The quote, "All models are wrong, but some are useful" comes to mind. The OSI model is useful but far from perfect. But you'd be doing students a disservice if you don't teach them about it at a minimum because the OSI model is part of the networking vernacular.
I think there are good arguments to be made that the OSI model has too many layers to be useful. My favorite description of the IP networking model is that IP is the "narrow waist" of internet protocols. Lower levels can vary and upper levels can vary, but IP remains constant (which is why IPv6 is such a nightmare whereas all the other protocols below and above IP have changed significantly with less effort).
The main utility the OSI model has served me is being able to recite it for job interviews.

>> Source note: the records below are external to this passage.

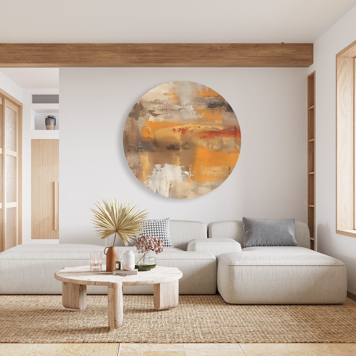 Wandcirkel Abstract Kunstwerk in Oranje en Beige
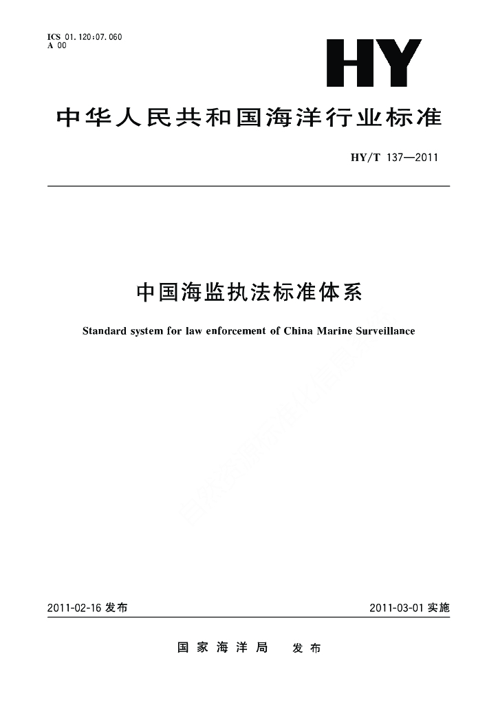 HY/T 137-2011 中国海监执法标准体系
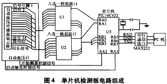 e)单片机选型。综上分析,选用具有10个I/O端口的单片机即可满足系统需求。为将信号波形整形为适合单片机需要的电平,需多个模拟电压比较器。由于PIC16C622单片机有13个I/O端口,内部还设有比较器模块,充分利用单片机的这一特点,不仅可以省去多片比较器集成芯片,且其I/O端口也可满足系统的要求。硬件电路组成示意图如图4所示。
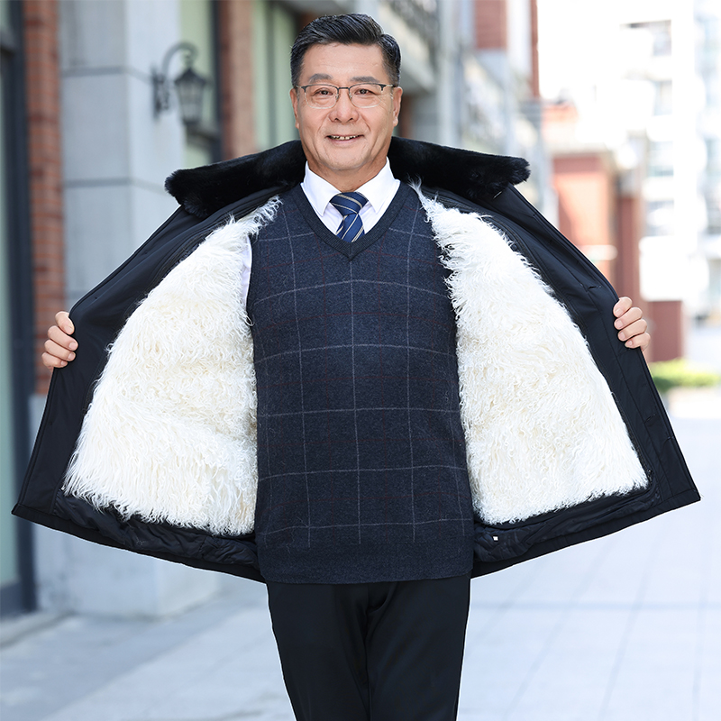 羊毛棉袄男皮毛一体外套中老年爸爸装老棉羊皮袄冬季加厚棉衣棉服
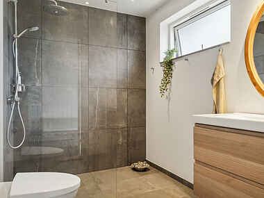 Med gulvvarme, brændeovn og en rummelig stue med hjørnesofa er der lagt op til hygge året rundt. Badeværelset har en stor bruseniche, og huset er udstyret med vaskemaskine og opvaskemaskine.
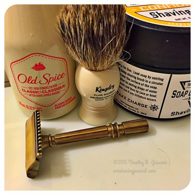 16Aug2015 Gem Micromatic Posted in Gem/ EverReady, Micromatic, Open Comb by timgriscom Shave of the Day August 16, 2016 Soap Commander Confidence soap Kingsley badger brush Gem Micromatic open comb razor Gem coated stainless steel blade (2) Old Spice aftershave

More honestly, though, I think the OSI model can be used very constructively in teaching by contrasting it with IP. IP is simpler and also less feature-rich; you can learn a lot about IP by noticing which aspects of the OSI model were "left out" from IP (putting it that way muddles the timeline but probably also isn't that inaccurate) and how it varies from what was designed at one point as a "complete" protocol set. But this is all a part of my larger philosophy of a "historical approach" to teaching networking. It's not too uncommon for instructors to do this by discussing X.25 and/or ALOHA early on and then comparing/contrasting IP, but for whatever reason it is typical to introduce the OSI model alongside IP without the historical context of what the OSI model is and isn't useful for today.